Winners of the 2007 Projects of the Year Awards were:
- T&D Engineering Project of the Year: Consolidated Edison Company of New York;
- T&D Automation Project of the Year: Entergy and Southern California Edison (co-winners);
- AMR/AMI Project of the Year: The Ontario Coalition of Large Distributors; and,
- Geospatial Project of the Year: California ISO.
Consolidated Edison Squeezes More Power into Tight Space
As the demand for power increases, all electric utility companies face a common challenge of building out the T&D infrastructure. That challenge intensifies greatly when the utility serves customers in a tightly congested urban area. The demand for power continues to grow, but the space available to upgrade the infrastructure doesn’t. That’s what makes a recent substation project by Consolidated Edison Company of New York so remarkable. The Mott Haven substation project is Utility Automation & Engineering T&D’s 2007 T&D Engineering Project of the Year award winner.
The exterior of Con Edison’s Mott Haven substation blends into the surrounding Bronx, New York, architecture (page 16 and above).Click here to enlarge image |
On May 10, 2007, Con Edison energized two substations in the Mott Haven section of the Bronx, New York, that were designed, constructed and commissioned together. The project, which initially serves 40,000 customers, broke ground only 30 months earlier and includes a state-of-the-art 345-kV SF6 gas-insulated switchgear/gas-insulated bus (GIS/GIB) transmission substation, a 138/13-kV area station, 345-kV, 138-V and 13-kV transmission and distribution feeder work along with a pumping plant, two cooling plants and extensive communication work.
The $300 million dollar project was the largest substation project ever undertaken by Con Edison, and the first time a transmission station and an area station were constructed and energized concurrently.
One of the largest challenges when building within New York City is the shortage of space. Using Con Edison’s 2002 load forecasts, the need for increased capacity in the Bronx load pocket for summer 2006 was identified. An initial plan was to supply a new area station with four feeders from an existing substation. Although this would temporarily satisfy requirements, the initial plan would not provide for long-term growth in the area, and an additional transmission station would be needed in 2010. Another look at the data sent Con Edison toward the Mott Haven project, a combined transmission and area station housed together on one site.
In late 2004, Con Edison took ownership of the land for the project and began demolition of an existing structure. This phase was followed by construction by a general contractor. Over 500,000 man-hours of work later, the building was complete. To blend the structure into the surrounding neighborhood, it was built to resemble brownstone row houses. Con Edison dedicated many hours to coordinating forces onsite, with work being performed at times by more than 300 people, 24 hours a day. Sequencing an effort this large–on a limited site with an extremely aggressive schedule–was a significant construction management achievement in itself, according to the utility. Schedule and budget–as well as environment, health and safety issues–were always in mind.
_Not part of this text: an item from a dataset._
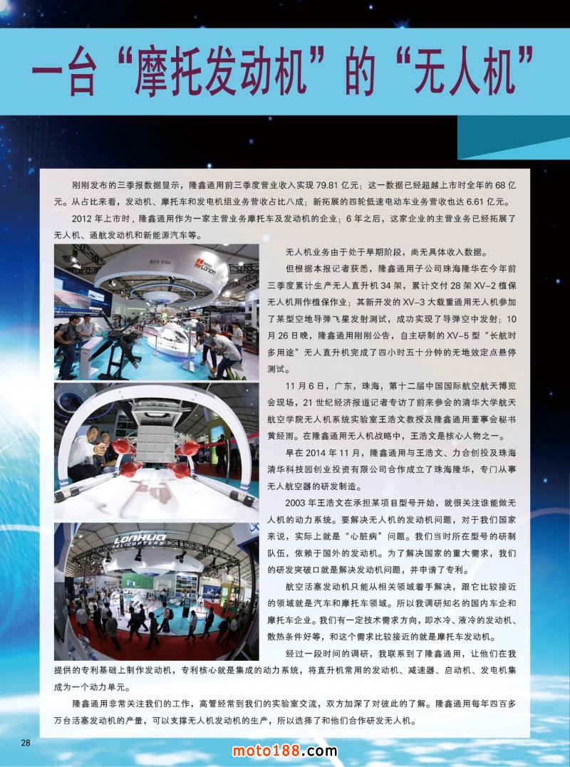 在這個(gè)春天里我們感受到和風(fēng)拂面,我們更堅(jiān)定了信心,我們傳統(tǒng)媒體務(wù)實(shí)的發(fā)展和經(jīng)營,基礎(chǔ)工作在不斷的加厚夯實(shí),今年我們雜志進(jìn)行了大調(diào)整,一年只在銷售季里出刊,全年出刊四期精品,本期雜志就有許多重要信息發(fā)布:政策面上的行業(yè)和地方上的重要政策(如前所述),18年的市場數(shù)據(jù)匯總分析,通機(jī)產(chǎn)品技術(shù)介紹 ,行業(yè)有關(guān)的重要國際資訊,國際巨頭研發(fā)生產(chǎn)的情況動(dòng)態(tài),電摩行業(yè)電動(dòng)三四輪及動(dòng)力電池最新的國家和地方政策,從海量的信息里精挑細(xì)選,每一遍文章都能讓讀者開卷有限,同時(shí)還值得收藏。
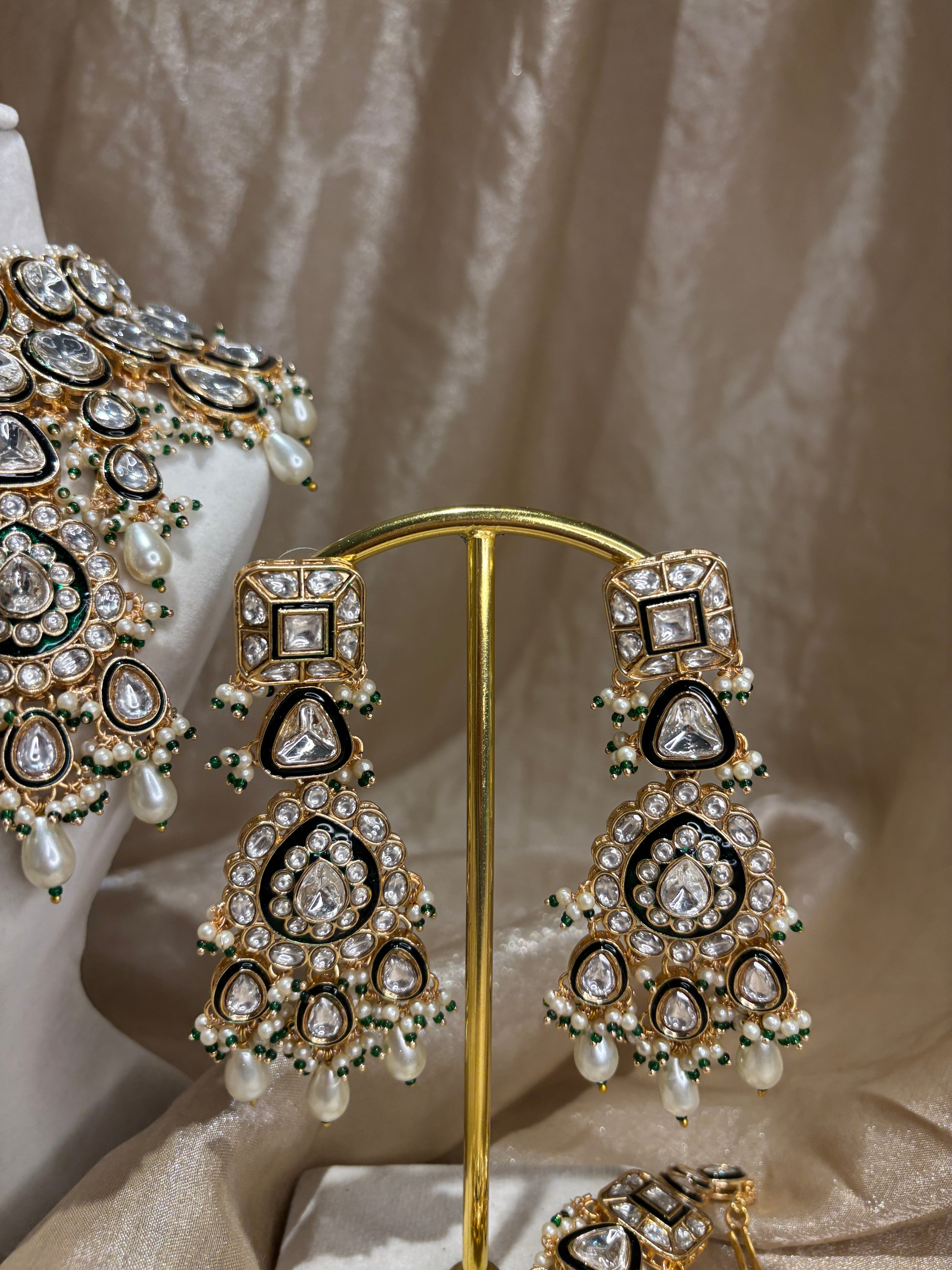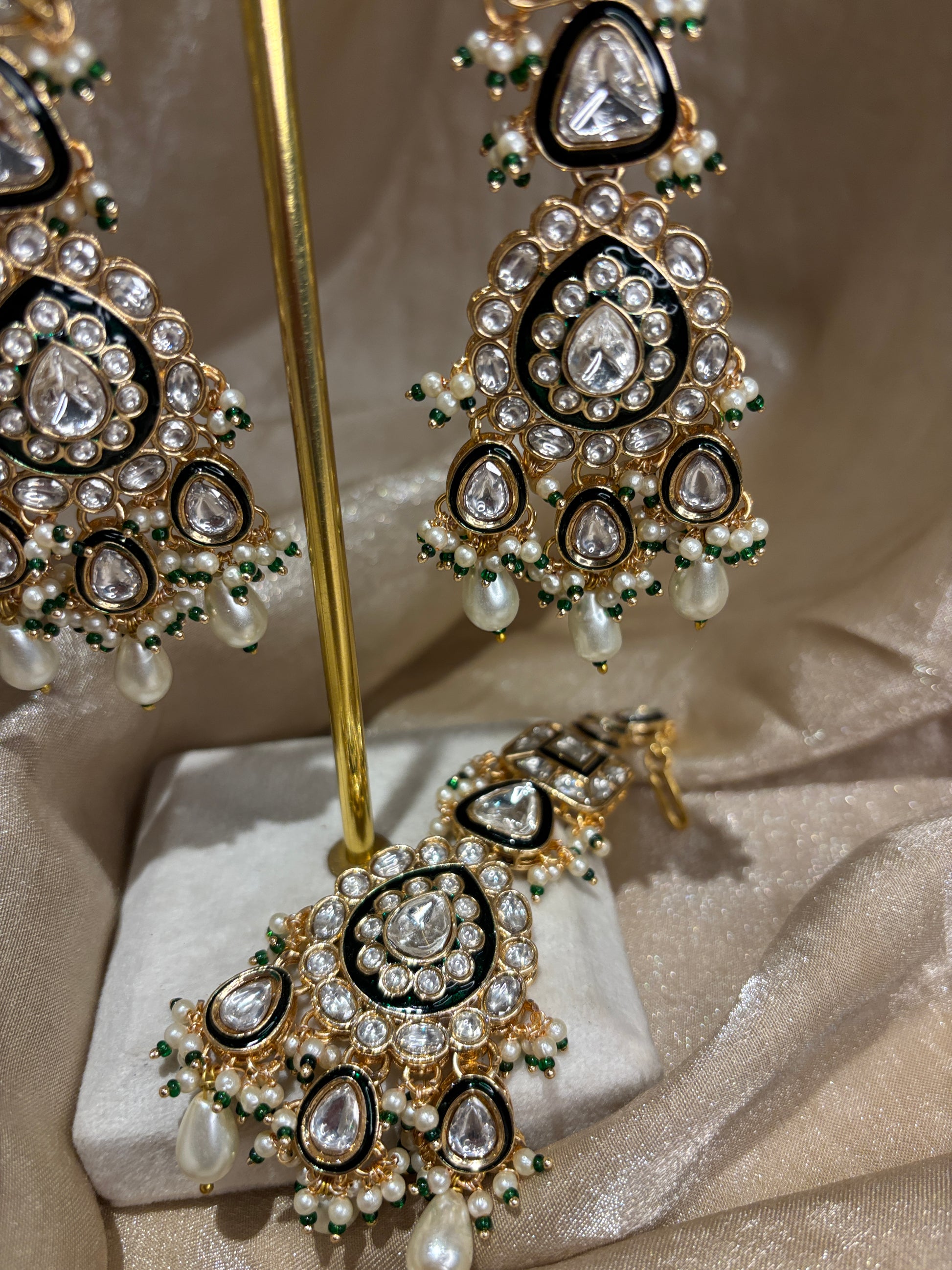 Heavy white pearl detailed gold kundan choker set; comes with earrings and tikka

Transmission street work, performed by Con Edison employees, included the installation of four 345-kV feeders tapped from existing feeders. The first area to become watertight was the 345-kV switchgear in September 2006. By November, four 345-kV gas-insulated breakers and associated bus/wiring were completed, tested and placed into service. The finished station consists of eight breaker 345-kV ring bus utilizing an SF6 GIS bus design. Four 345/138-kV 420 MVA transformers are fed from the GIS bus that energizes the area station.
Each transformer has the capability to supply four separate area stations. (The key feature of the GIS bus is that it allows the transmission station to be constructed on one-fifth the area that a conventional open-air bus would require.)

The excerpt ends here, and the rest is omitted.